Glendy A. Catzin-Contreras, Universidad Politecnica de Yucatan

Glendy Anyali Catzin--Contreras received the M.Eng. degree in Renewable Energies from the School of Engineering, Autonomous University of Yucatan~(UADY), Merida, Mexico, in 2014. Then, she got her Ph.D. degree in Electronics Engineering from the School of Sciences, Autonomous University of San Luis Potosi (UASLP), San Luis Potosi, Mexico, in 2018. From 2023 to early 2025, she was a Post-Doctoral Researcher at the School of Engineering and Sciences, Tecnologico de Monterrey, Monterrey, Nuevo Leon, Mexico. She is currently a full-time Professor at the Universidad Politecnica de Yucatan in Ucu, Yucatan, Mexico. Her current research interests include modeling of switched converters, the repetitive control for harmonic compensation, signal processing, and real-time simulations. Dr. Catzin-Contreras is a member of the National Research Fellows System level 1 (SNII-1), CONAHCyT, Mexico.
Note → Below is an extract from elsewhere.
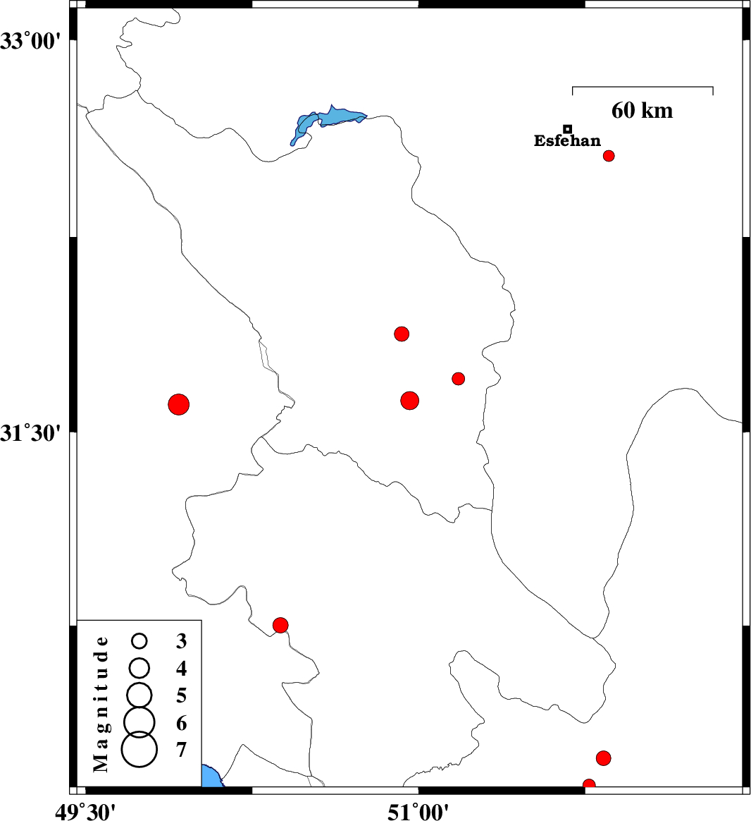 | 2015/09/20 | 13:28:48.8 | 17:58:48.8 | 32.559 | 51.857 | 14 | ML:2.3 | Esfahan Province, 21 km South-East of Esfahan | ||
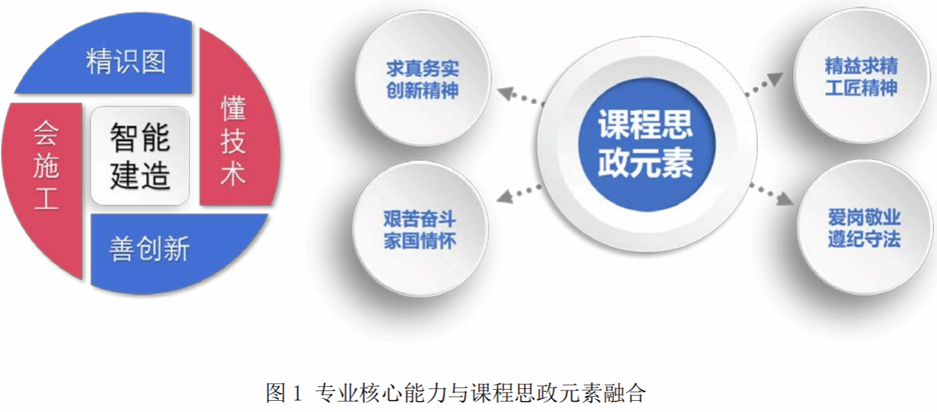 智能建造專業(yè)核心能力與課程思政元素如圖 1 所示。此外,依據(jù)“立德樹人、德育為先”的原則確定了德育目標(biāo),同時(shí)需要第一個(gè)“五位一體”作為政策導(dǎo)向。德育目標(biāo)包括:(政治建設(shè))培養(yǎng)學(xué)生愛國、敬業(yè)、誠信、友善的社會(huì)主義核心價(jià)值觀;(文化建設(shè))培養(yǎng)學(xué)生的民族自豪感與文化自信;(社會(huì)建設(shè))培養(yǎng)學(xué)生求真務(wù)實(shí)、實(shí)踐創(chuàng)新、精益求精的工匠精神;(經(jīng)濟(jì)建設(shè))培養(yǎng)學(xué)生踏實(shí)嚴(yán)謹(jǐn)、耐心專注、艱苦奮斗、追求卓越的優(yōu)秀品質(zhì);(生態(tài)文明建設(shè))培育節(jié)約資源、愛護(hù)環(huán)境、實(shí)現(xiàn)雙碳的環(huán)保意識(shí)。擬通過概括智能建造專業(yè)的特點(diǎn),充分挖掘思政元素;通過專業(yè)知識(shí)與課程思政的有機(jī)結(jié)合和相互滲透,培養(yǎng)學(xué)生的家國情懷、工匠精神、創(chuàng)新精神、愛崗敬業(yè)精神、遵紀(jì)守法意識(shí)、文化傳承意識(shí)以及良好行為習(xí)慣。

Gerado Escobar, Tecnologico de Monterrey

Gerardo Escobar received the Ph.D. degree in automatic control from the Signals and Systems Lab. LSS-SUPELEC, Université de Paris XI, France, in 1999. From 2008 to 2012, he was a Principal Scientist with the Power Electronics Group, ABB Switzerland Ltd., Zurich, Switzerland. He is currently a Professor-Researcher with the School of Engineering and Sciences, Tecnologico de Monterrey, Nuevo Leon, Mexico. His main research interests include modeling, analysis, and control design of power electronic systems, and their applications in renewable energy systems, power quality, grid integration, active filters, inverters, dc–dc converters, multilevel converters, batteries, electrical drives, wind power, photovoltaic systems; as well as nonlinear control design, adaptive control, repetitive control, and their applications in current control, voltage balance, grid synchronization and harmonic compensation, among others. Dr. Escobar is a member of the National Research Fellows System level 3 (SNII-3), CONAHCyT, Mexico. He was an AE for the IEEE Transactions on Industrial Electronics from 2007 to 2016. He has been an Associate Editor (AE) for the IEEE Transactions on Power Electronics since 2013.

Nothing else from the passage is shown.